Let’s confirm that by giving a servername parameter value that is not the same as the connect name parameter:

$ openssl s_client -connect x.labs.apnic.net:443 -servername dmm.labs.apnic.net
CONNECTED(00000003)
depth=2 O = Digital Signature Trust Co., CN = DST Root CA X3
verify return:1
depth=1 C = US, O = Let's Encrypt, CN = Let's Encrypt Authority X3
verify return:1
depth=0 CN = dmm.labs.apnic.net
verify return:1
---
Certificate chain
 0 s:/CN=dmm.labs.apnic.net
   i:/C=US/O=Let's Encrypt/CN=Let's Encrypt Authority X3
 1 s:/C=US/O=Let's Encrypt/CN=Let's Encrypt Authority X3
   i:/O=Digital Signature Trust Co./CN=DST Root CA X3
---

We now have an answer to the second question. It’s the way we were using openssl -s_client on hosts with OpenSSL version 1.1.0. By omitting the -servername argument we triggered this behaviour.

The Right Certificate

We’ve found the issue. There was nothing wrong with Apache, nothing wrong with the Let’s Encrypt certificates, nothing wrong with browsers. There wasn;t even anything that was “wrong” in OpenSSL.

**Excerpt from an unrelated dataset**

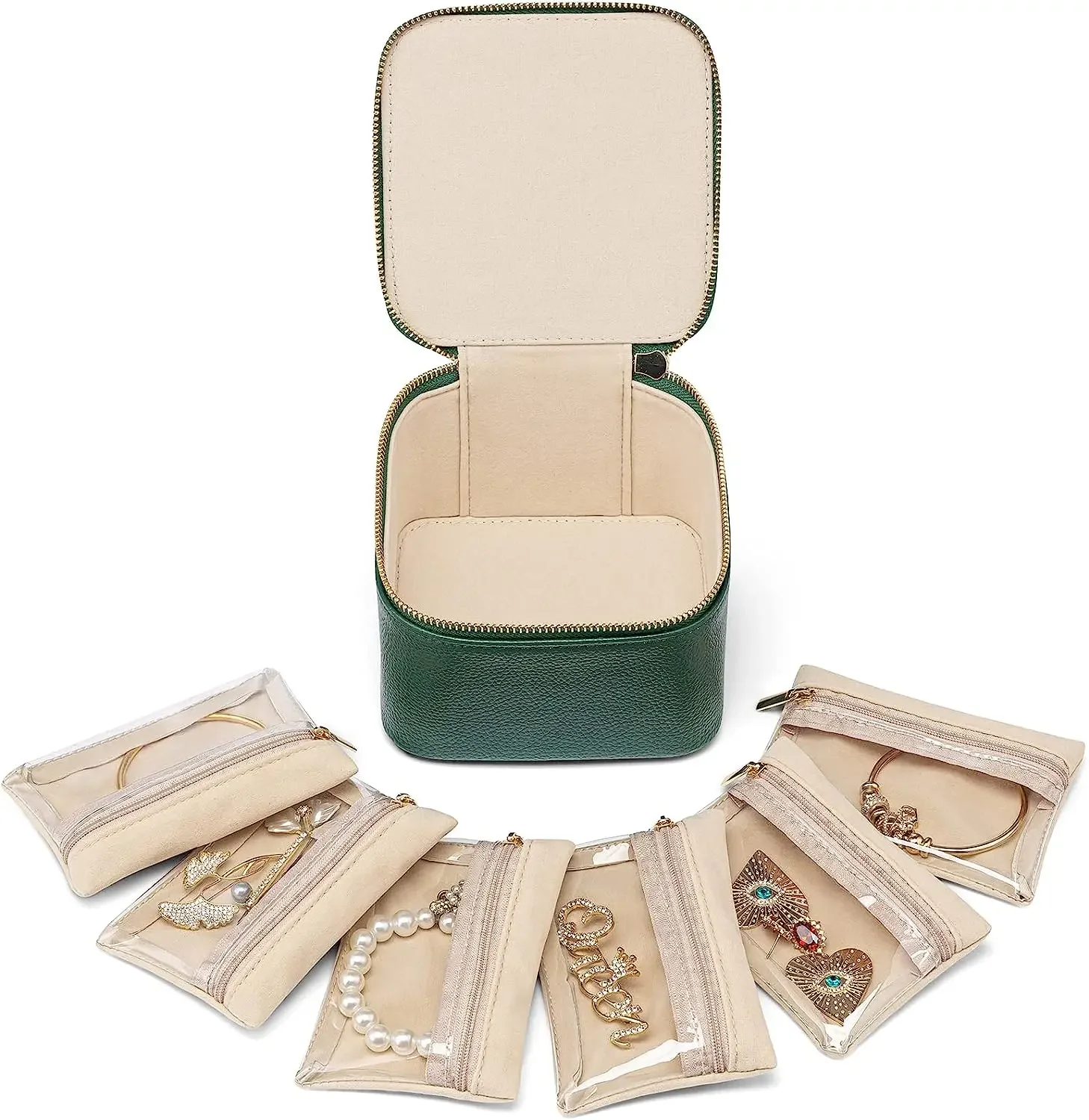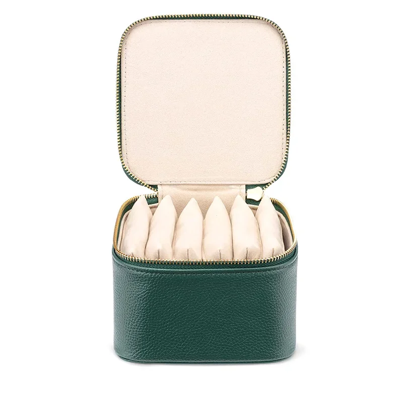 Customized cardamom hardware handle, hardware zipper for easy storage and pulling; velvet lining to prevent jewelry scratching; lychee grain leather material, durable;
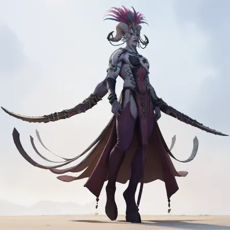 KeeperofSecrets, monster, horns, black sclera, pincers, multiple arms,

There was however a subtle inconsistency in the default behaviour of one of the diagnostic tools in the OpenSSL library across versions.

Security is meant to help us build more robust systems. But with the PKI we have an incredible number of moving parts and now even within each component different versions of diagnostic tools may have different default behaviours.

We often hear that “security is hard”. But my takeaway from a day of pushing and prodding at web server configurations and wading through search results is slightly different. These days “security is obtuse” and that’s something that just should not be happening!